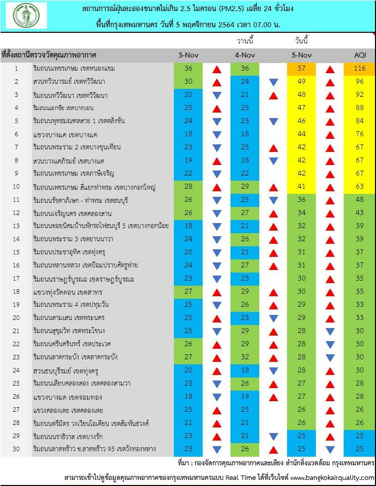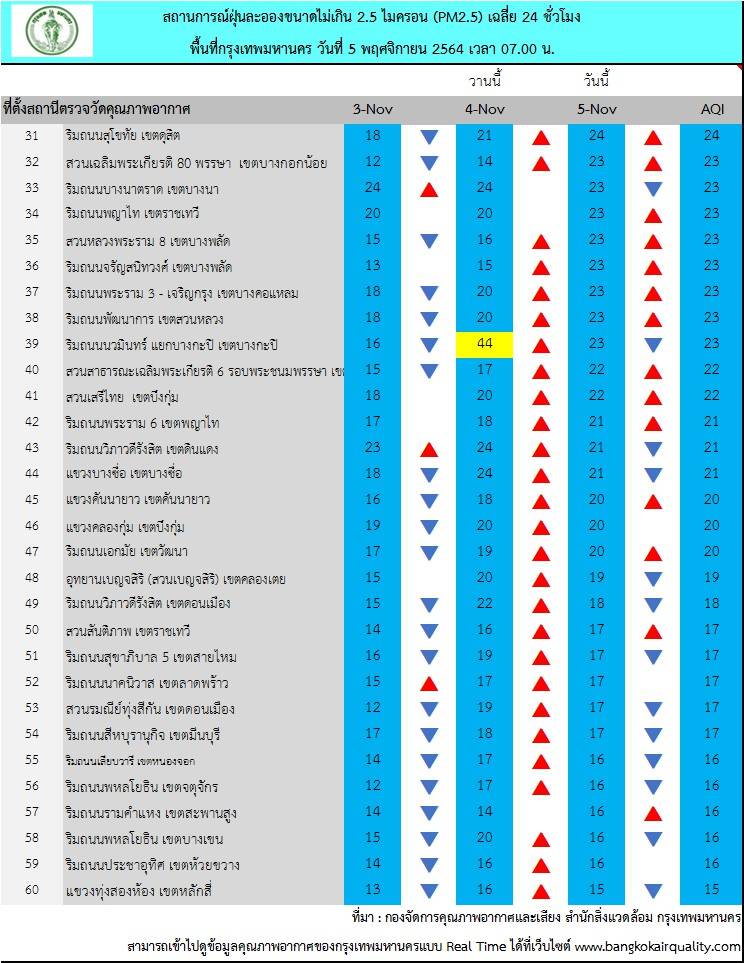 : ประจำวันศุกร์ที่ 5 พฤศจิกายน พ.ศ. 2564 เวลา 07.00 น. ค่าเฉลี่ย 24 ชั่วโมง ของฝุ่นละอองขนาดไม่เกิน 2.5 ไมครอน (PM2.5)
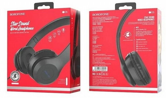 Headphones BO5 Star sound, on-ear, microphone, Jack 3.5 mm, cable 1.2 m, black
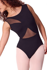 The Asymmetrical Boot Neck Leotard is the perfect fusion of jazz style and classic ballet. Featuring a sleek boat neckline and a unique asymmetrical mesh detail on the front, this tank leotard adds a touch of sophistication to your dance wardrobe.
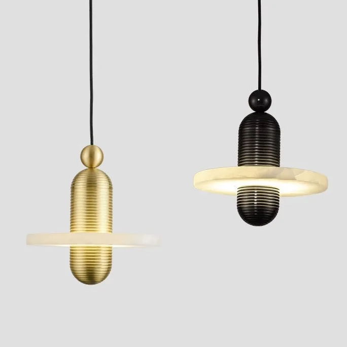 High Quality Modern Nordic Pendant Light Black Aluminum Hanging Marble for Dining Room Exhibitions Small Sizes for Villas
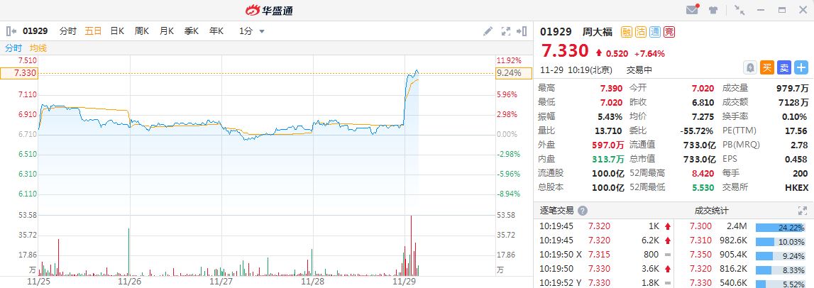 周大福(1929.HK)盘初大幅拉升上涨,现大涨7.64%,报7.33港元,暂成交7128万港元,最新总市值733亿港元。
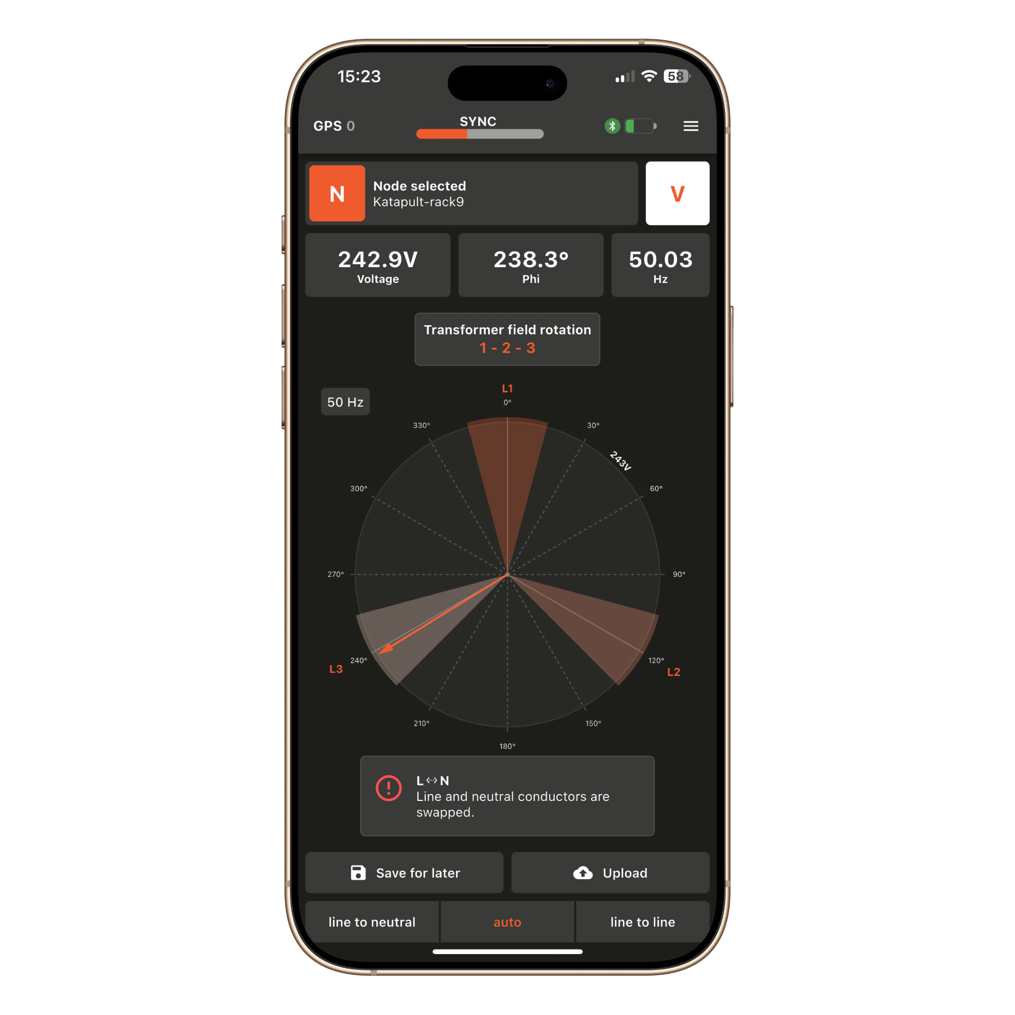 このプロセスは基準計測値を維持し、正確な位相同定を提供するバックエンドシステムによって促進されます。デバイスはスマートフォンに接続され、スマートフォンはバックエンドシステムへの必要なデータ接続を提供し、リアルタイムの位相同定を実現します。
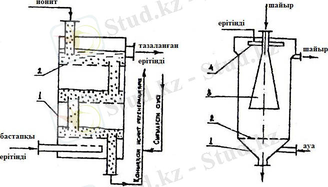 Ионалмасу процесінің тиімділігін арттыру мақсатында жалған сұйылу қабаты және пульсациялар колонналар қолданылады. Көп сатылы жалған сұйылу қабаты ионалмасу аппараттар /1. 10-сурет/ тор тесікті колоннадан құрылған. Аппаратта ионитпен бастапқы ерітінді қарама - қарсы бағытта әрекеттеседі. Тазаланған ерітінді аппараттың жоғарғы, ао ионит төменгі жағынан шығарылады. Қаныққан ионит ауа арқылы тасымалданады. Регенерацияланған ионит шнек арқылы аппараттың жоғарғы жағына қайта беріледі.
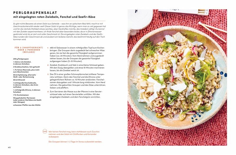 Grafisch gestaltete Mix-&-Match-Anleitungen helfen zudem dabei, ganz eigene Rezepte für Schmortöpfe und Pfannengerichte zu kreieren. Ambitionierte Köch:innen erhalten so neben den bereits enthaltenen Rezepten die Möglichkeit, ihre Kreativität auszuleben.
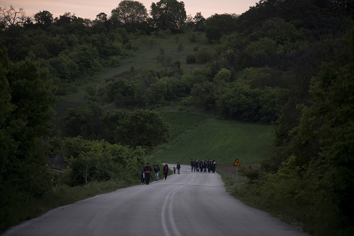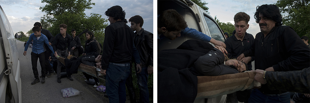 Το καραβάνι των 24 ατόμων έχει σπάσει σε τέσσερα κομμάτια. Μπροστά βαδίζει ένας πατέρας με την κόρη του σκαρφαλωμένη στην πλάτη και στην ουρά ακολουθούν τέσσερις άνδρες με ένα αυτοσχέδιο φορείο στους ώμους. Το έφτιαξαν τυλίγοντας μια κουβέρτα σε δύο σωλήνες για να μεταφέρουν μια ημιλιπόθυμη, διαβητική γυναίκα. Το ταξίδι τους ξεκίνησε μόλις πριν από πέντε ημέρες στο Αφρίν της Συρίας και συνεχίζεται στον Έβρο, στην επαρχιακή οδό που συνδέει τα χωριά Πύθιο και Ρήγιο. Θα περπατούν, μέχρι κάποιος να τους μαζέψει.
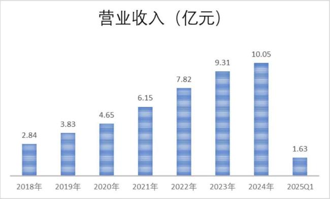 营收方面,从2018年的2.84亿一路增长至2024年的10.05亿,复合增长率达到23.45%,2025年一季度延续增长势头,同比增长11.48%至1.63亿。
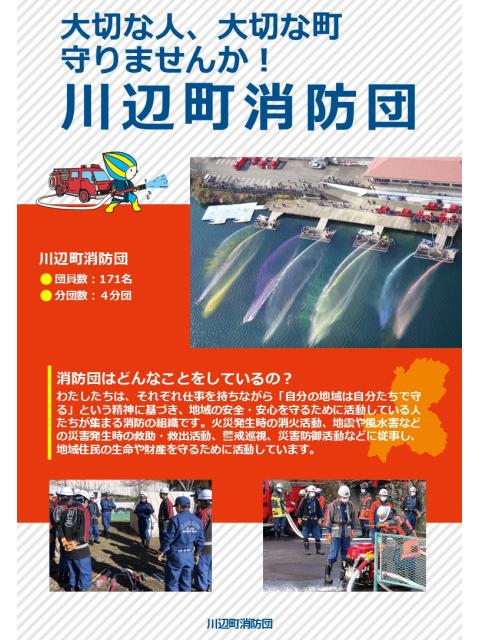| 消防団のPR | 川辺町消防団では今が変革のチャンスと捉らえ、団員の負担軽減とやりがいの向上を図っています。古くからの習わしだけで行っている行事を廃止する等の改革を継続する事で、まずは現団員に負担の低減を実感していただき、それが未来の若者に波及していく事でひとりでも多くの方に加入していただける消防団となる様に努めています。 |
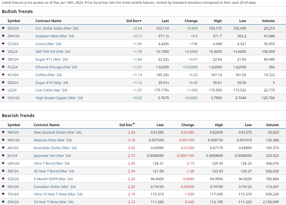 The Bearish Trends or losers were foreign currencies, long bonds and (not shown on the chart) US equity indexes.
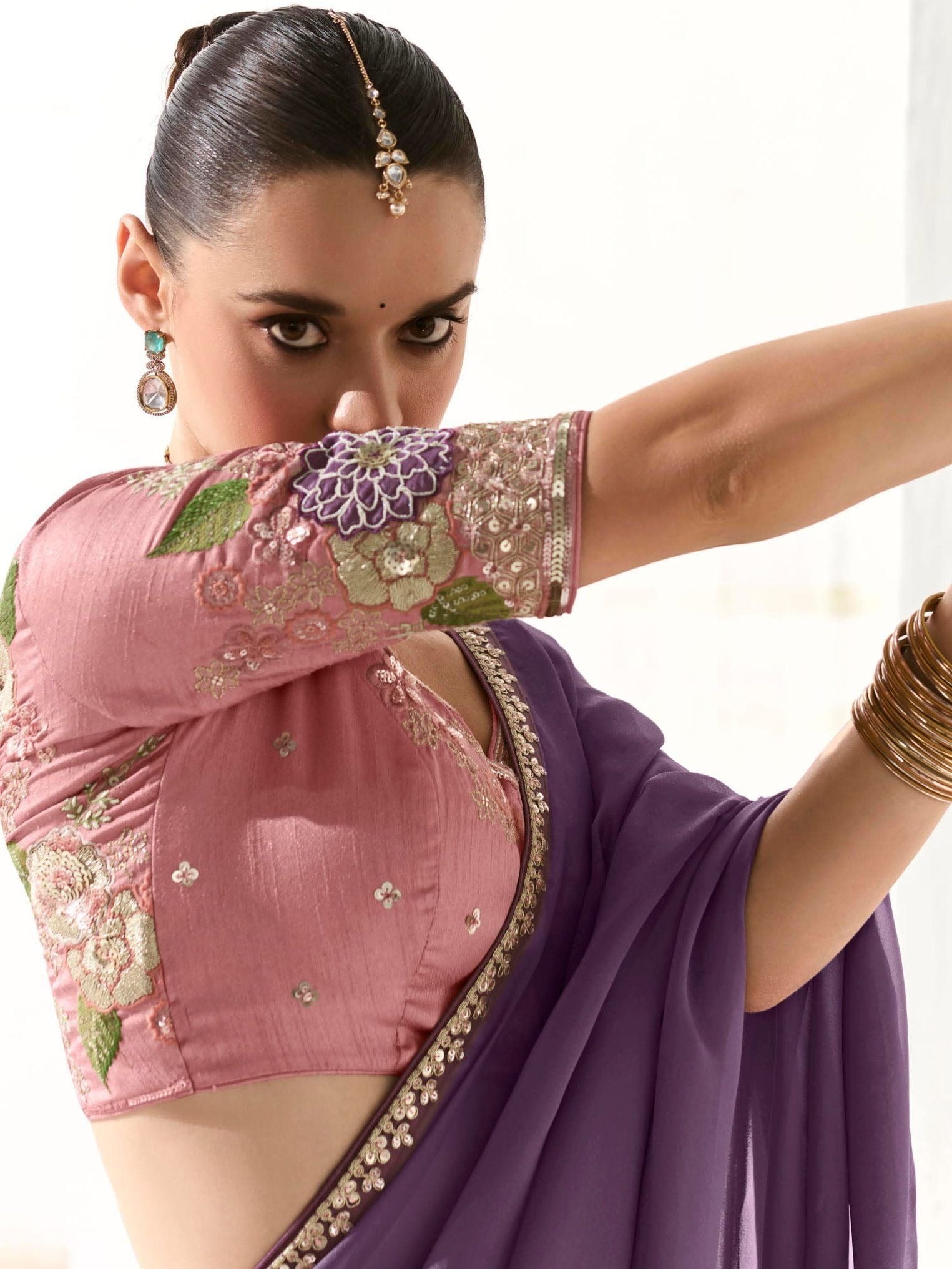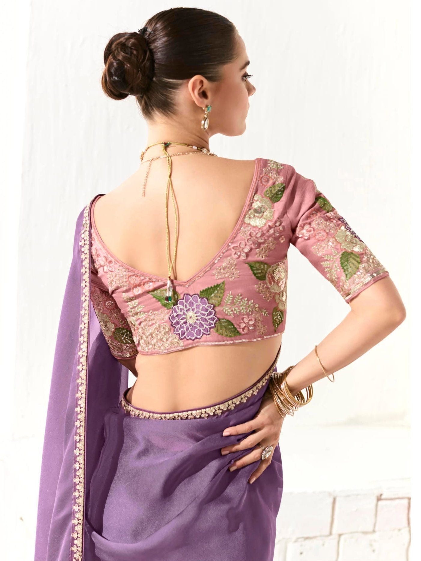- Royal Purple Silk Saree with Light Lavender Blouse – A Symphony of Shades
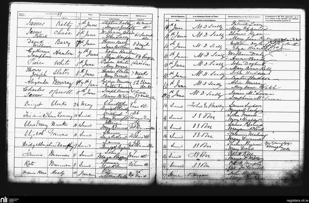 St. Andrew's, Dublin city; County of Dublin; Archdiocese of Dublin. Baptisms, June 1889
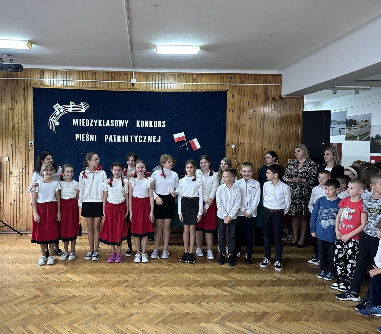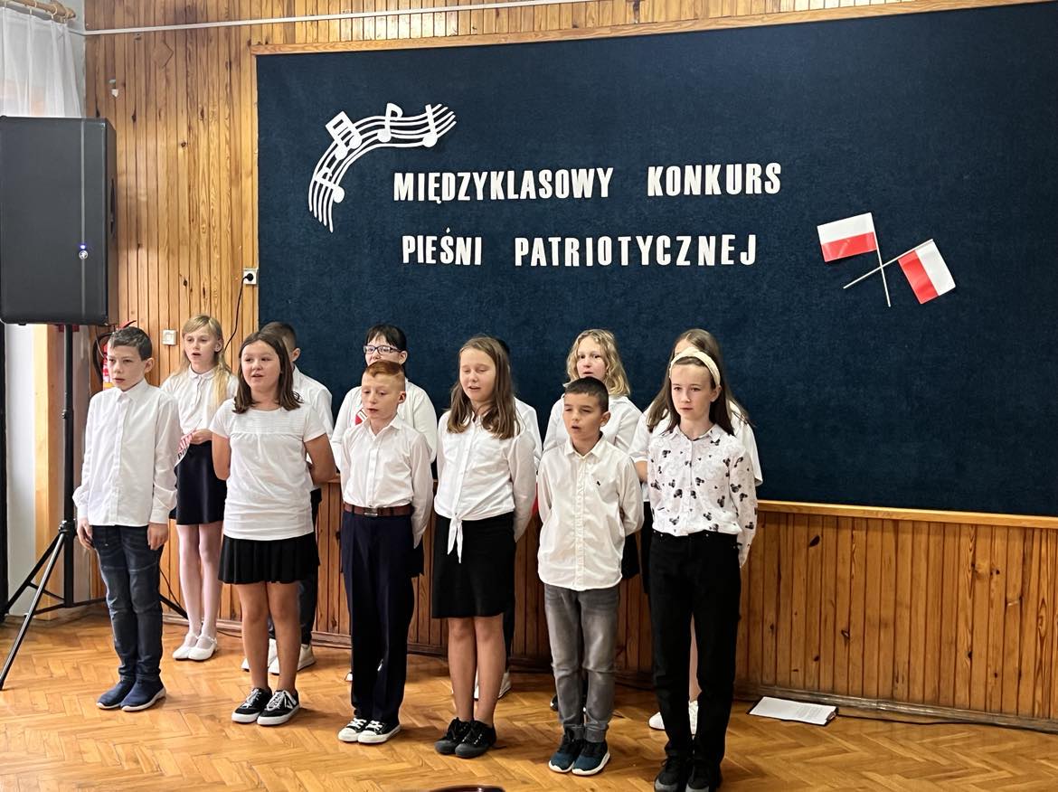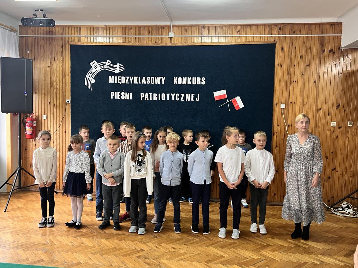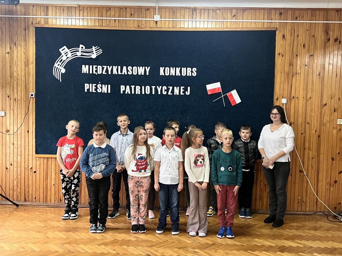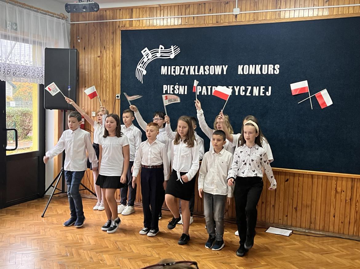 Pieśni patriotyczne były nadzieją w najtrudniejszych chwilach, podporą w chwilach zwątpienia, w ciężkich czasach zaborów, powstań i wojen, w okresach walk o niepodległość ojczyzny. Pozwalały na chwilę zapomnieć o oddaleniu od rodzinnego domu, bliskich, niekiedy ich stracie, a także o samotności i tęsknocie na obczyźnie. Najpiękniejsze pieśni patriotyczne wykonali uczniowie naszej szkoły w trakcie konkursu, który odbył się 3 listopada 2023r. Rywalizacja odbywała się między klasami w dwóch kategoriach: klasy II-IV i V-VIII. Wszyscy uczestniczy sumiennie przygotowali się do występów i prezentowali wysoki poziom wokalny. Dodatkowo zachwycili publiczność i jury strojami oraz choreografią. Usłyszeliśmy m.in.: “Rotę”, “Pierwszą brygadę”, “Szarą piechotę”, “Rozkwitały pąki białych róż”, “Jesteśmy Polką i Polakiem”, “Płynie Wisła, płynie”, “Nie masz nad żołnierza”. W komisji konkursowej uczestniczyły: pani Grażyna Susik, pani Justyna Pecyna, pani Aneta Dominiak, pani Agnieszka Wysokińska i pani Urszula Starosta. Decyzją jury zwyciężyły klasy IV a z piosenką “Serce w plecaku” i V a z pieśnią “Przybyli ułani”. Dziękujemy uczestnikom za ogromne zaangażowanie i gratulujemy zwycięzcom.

------------------------------

*BRIEF*:
Output the entries above exactly as given, but strip out the pictures.

*EXERCISE RESPONSE*:
 : ประจำวันศุกร์ที่ 5 พฤศจิกายน พ.ศ. 2564 เวลา 07.00 น. ค่าเฉลี่ย 24 ชั่วโมง ของฝุ่นละอองขนาดไม่เกิน 2.5 ไมครอน (PM2.5)
 Headphones BO5 Star sound, on-ear, microphone, Jack 3.5 mm, cable 1.2 m, black
 The Asymmetrical Boot Neck Leotard is the perfect fusion of jazz style and classic ballet. Featuring a sleek boat neckline and a unique asymmetrical mesh detail on the front, this tank leotard adds a touch of sophistication to your dance wardrobe.
 High Quality Modern Nordic Pendant Light Black Aluminum Hanging Marble for Dining Room Exhibitions Small Sizes for Villas
 周大福(1929.HK)盘初大幅拉升上涨,现大涨7.64%,报7.33港元,暂成交7128万港元,最新总市值733亿港元。
 このプロセスは基準計測値を維持し、正確な位相同定を提供するバックエンドシステムによって促進されます。デバイスはスマートフォンに接続され、スマートフォンはバックエンドシステムへの必要なデータ接続を提供し、リアルタイムの位相同定を実現します。
 Ионалмасу процесінің тиімділігін арттыру мақсатында жалған сұйылу қабаты және пульсациялар колонналар қолданылады. Көп сатылы жалған сұйылу қабаты ионалмасу аппараттар /1. 10-сурет/ тор тесікті колоннадан құрылған. Аппаратта ионитпен бастапқы ерітінді қарама - қарсы бағытта әрекеттеседі. Тазаланған ерітінді аппараттың жоғарғы, ао ионит төменгі жағынан шығарылады. Қаныққан ионит ауа арқылы тасымалданады. Регенерацияланған ионит шнек арқылы аппараттың жоғарғы жағына қайта беріледі.
 Grafisch gestaltete Mix-&-Match-Anleitungen helfen zudem dabei, ganz eigene Rezepte für Schmortöpfe und Pfannengerichte zu kreieren. Ambitionierte Köch:innen erhalten so neben den bereits enthaltenen Rezepten die Möglichkeit, ihre Kreativität auszuleben.
 Το καραβάνι των 24 ατόμων έχει σπάσει σε τέσσερα κομμάτια. Μπροστά βαδίζει ένας πατέρας με την κόρη του σκαρφαλωμένη στην πλάτη και στην ουρά ακολουθούν τέσσερις άνδρες με ένα αυτοσχέδιο φορείο στους ώμους. Το έφτιαξαν τυλίγοντας μια κουβέρτα σε δύο σωλήνες για να μεταφέρουν μια ημιλιπόθυμη, διαβητική γυναίκα. Το ταξίδι τους ξεκίνησε μόλις πριν από πέντε ημέρες στο Αφρίν της Συρίας και συνεχίζεται στον Έβρο, στην επαρχιακή οδό που συνδέει τα χωριά Πύθιο και Ρήγιο. Θα περπατούν, μέχρι κάποιος να τους μαζέψει.
 营收方面,从2018年的2.84亿一路增长至2024年的10.05亿,复合增长率达到23.45%,2025年一季度延续增长势头,同比增长11.48%至1.63亿。
| 消防団のPR | 川辺町消防団では今が変革のチャンスと捉らえ、団員の負担軽減とやりがいの向上を図っています。古くからの習わしだけで行っている行事を廃止する等の改革を継続する事で、まずは現団員に負担の低減を実感していただき、それが未来の若者に波及していく事でひとりでも多くの方に加入していただける消防団となる様に努めています。 |
 The Bearish Trends or losers were foreign currencies, long bonds and (not shown on the chart) US equity indexes.
- Royal Purple Silk Saree with Light Lavender Blouse – A Symphony of Shades
 St. Andrew's, Dublin city; County of Dublin; Archdiocese of Dublin. Baptisms, June 1889
 Pieśni patriotyczne były nadzieją w najtrudniejszych chwilach, podporą w chwilach zwątpienia, w ciężkich czasach zaborów, powstań i wojen, w okresach walk o niepodległość ojczyzny. Pozwalały na chwilę zapomnieć o oddaleniu od rodzinnego domu, bliskich, niekiedy ich stracie, a także o samotności i tęsknocie na obczyźnie. Najpiękniejsze pieśni patriotyczne wykonali uczniowie naszej szkoły w trakcie konkursu, który odbył się 3 listopada 2023r. Rywalizacja odbywała się między klasami w dwóch kategoriach: klasy II-IV i V-VIII. Wszyscy uczestniczy sumiennie przygotowali się do występów i prezentowali wysoki poziom wokalny. Dodatkowo zachwycili publiczność i jury strojami oraz choreografią. Usłyszeliśmy m.in.: “Rotę”, “Pierwszą brygadę”, “Szarą piechotę”, “Rozkwitały pąki białych róż”, “Jesteśmy Polką i Polakiem”, “Płynie Wisła, płynie”, “Nie masz nad żołnierza”. W komisji konkursowej uczestniczyły: pani Grażyna Susik, pani Justyna Pecyna, pani Aneta Dominiak, pani Agnieszka Wysokińska i pani Urszula Starosta. Decyzją jury zwyciężyły klasy IV a z piosenką “Serce w plecaku” i V a z pieśnią “Przybyli ułani”. Dziękujemy uczestnikom za ogromne zaangażowanie i gratulujemy zwycięzcom.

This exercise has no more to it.